Gideon Kipsielei Towett Moi (born 22 October 1963) is a Kenyan politician and former senator of Baringo County, from 2013 to 2022. He was elected with a landslide win of over 80%, trouncing his opponent Jackson Kosgei. He is also the party leader of the Kenya African National Union (KANU), which for decades was the ruling party in Kenya. He is the youngest son of Kenya's second president, Daniel arap Moi, and Lena Moi. Daniel arap Moi's siblings include; Phillip Moi, Jonathan Moi, John Mark Moi, Raymond Moi (former MP for Rongai), Jennifer Jemutai Kositany, Doris Moi, June Moi.

==Early life==
He is the youngest son of Kenya's second president, Daniel arap Moi, and Lena Moi.
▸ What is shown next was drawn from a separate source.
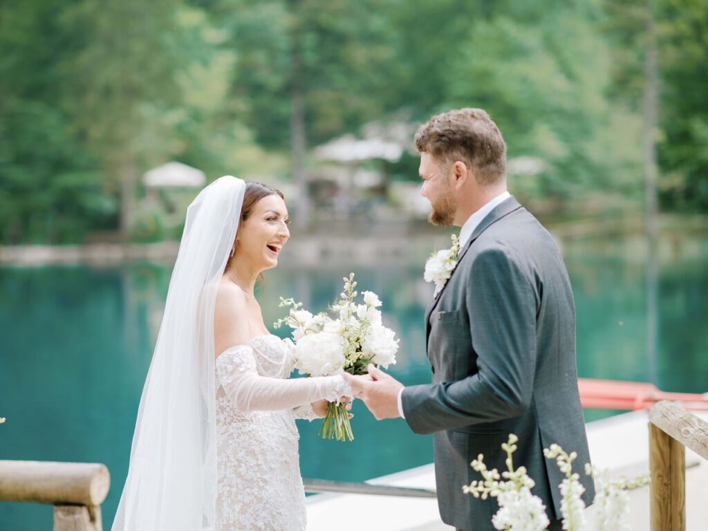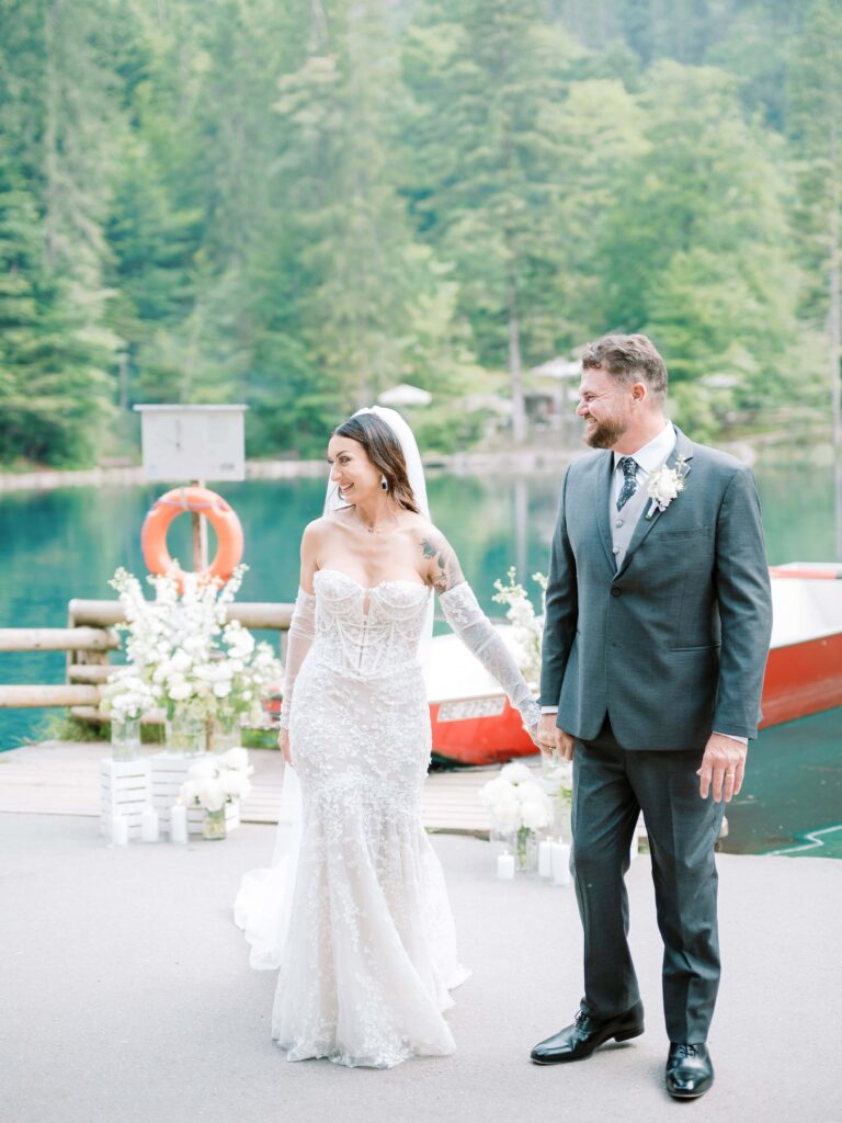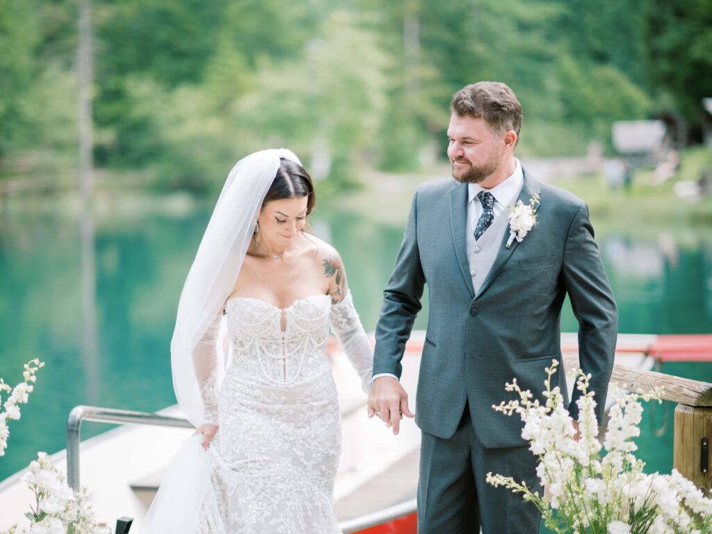 The beauty of a small wedding in Switzerland—especially in a place like Lake Blausee—is that the couple has the freedom to explore their surroundings without pressure or time constraints. For the next hour, the couple strolled through the woods, crossed wooden bridges, and walked along the lakeshore.

Gideon Moi has seven siblings, namely: Doris Moi, Jennifer Jemutai Kositany, June Moi, Raymond Moi, Jonathan Toroitich, Philip Moi and John Mark Moi.

==Personal life==
===Family===
Moi is married to Zahra Moi, with whom he has three children: Kimoi, Kigen and Lulu.

Moi has played polo for the Gilgil-based Manyatta club.

Uniquely for Kenyan politicians, Moi has managed to keep his personal life private.

In February 2020, Gideon Moi lost his father, the former President of Kenya, Daniel Arap Moi. In July 2004 he lost his mother, Lena Moi.

In July 2025 the media reported a land dispute between Gideon Moi and 56 members of his own clan over a 40-acre parcel in Kabarak that was allegedly gifted by his late father, former President Daniel arap Moi. The clan members claim he attempted to evict them and transfer the land to himself, raising questions about intra-family governance and clan land practices.

==Presidential ambitions==

Moi is the leader of KANU political party in Kenya. A favoured son of Kenya's former president, he had been groomed as a presidential candidate by his father. In 2017 general elections, he rallied KANU to support Uhuru Kenyatta for a second term, despite Moi's unease for the candidature which also included his political nemesis, William Samoei Arap Ruto.

Moi had announced his intentions to run in the 2022 Kenyan presidential elections but shelved his ambitions after joining the Azimio One Kenya Alliance led by presidential candidate Raila Odinga and its chairman former president Uhuru Kenyatta. He continued to serve as a senator and Chairman of the Senate ICT Committee in the Senate until 2022. He defended his seat in the 2022 elections but lost to William Cheptumo of UDA.

In October 2024, Moi was appointed as Chairperson of the Commonwealth Secretariat Expert Team to observe the general election in Botswana. The mission’s mandate included examining pre‐election preparations, ballot casting, counting and tabulation, and publishing a final report on the conduct of the polls.

In October 2025, Gideon Moi was nominated by Kenya African National Union (KANU) as the party’s candidate for the forthcoming Baringo County senatorial by-election. The announcement followed “extensive consultations, deliberations and consensus within the party and with the people of Baringo.”